## DATA SECTION
▬▬▬▬▬▬▬▬▬▬

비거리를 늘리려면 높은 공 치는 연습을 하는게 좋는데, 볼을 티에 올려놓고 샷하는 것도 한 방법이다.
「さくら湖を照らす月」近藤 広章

▬▬▬▬▬▬▬▬▬▬

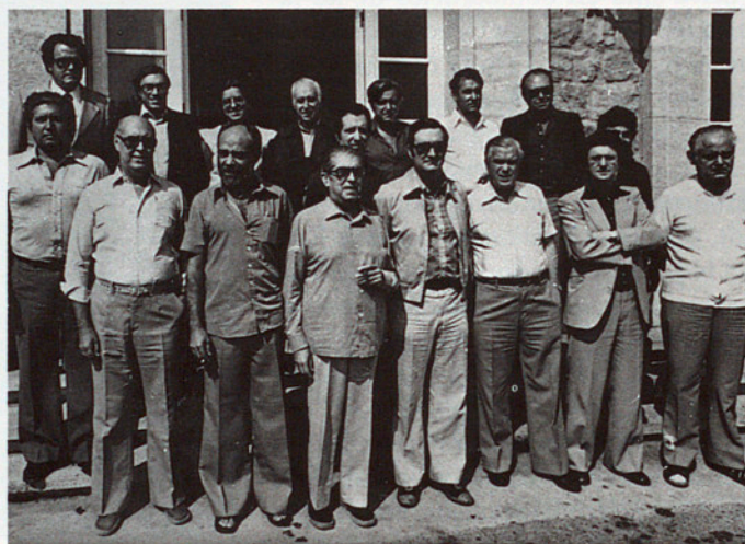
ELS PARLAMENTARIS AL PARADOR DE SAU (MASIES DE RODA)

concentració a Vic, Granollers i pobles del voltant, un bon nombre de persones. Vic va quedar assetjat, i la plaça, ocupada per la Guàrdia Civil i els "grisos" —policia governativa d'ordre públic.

▬▬▬▬▬▬▬▬▬▬

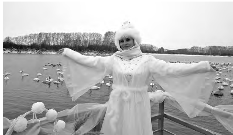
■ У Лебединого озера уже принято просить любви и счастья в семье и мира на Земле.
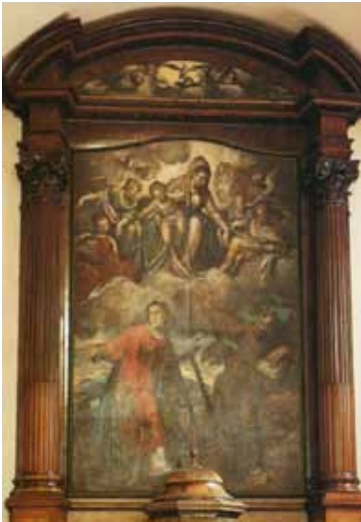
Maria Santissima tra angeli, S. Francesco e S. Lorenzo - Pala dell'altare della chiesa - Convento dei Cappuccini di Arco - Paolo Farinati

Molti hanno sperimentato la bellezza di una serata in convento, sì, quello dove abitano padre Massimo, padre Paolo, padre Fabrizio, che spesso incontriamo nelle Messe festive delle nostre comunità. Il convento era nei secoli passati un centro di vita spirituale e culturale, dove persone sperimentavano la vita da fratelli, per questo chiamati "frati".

▬▬▬▬▬▬▬▬▬▬

## WORK ITEM
Using the records above, select and copy every line that has the word "Paolo".

## RESULT FOR THIS TASK
Maria Santissima tra angeli, S. Francesco e S. Lorenzo - Pala dell'altare della chiesa - Convento dei Cappuccini di Arco - Paolo Farinati
Molti hanno sperimentato la bellezza di una serata in convento, sì, quello dove abitano padre Massimo, padre Paolo, padre Fabrizio, che spesso incontriamo nelle Messe festive delle nostre comunità. Il convento era nei secoli passati un centro di vita spirituale e culturale, dove persone sperimentavano la vita da fratelli, per questo chiamati "frati".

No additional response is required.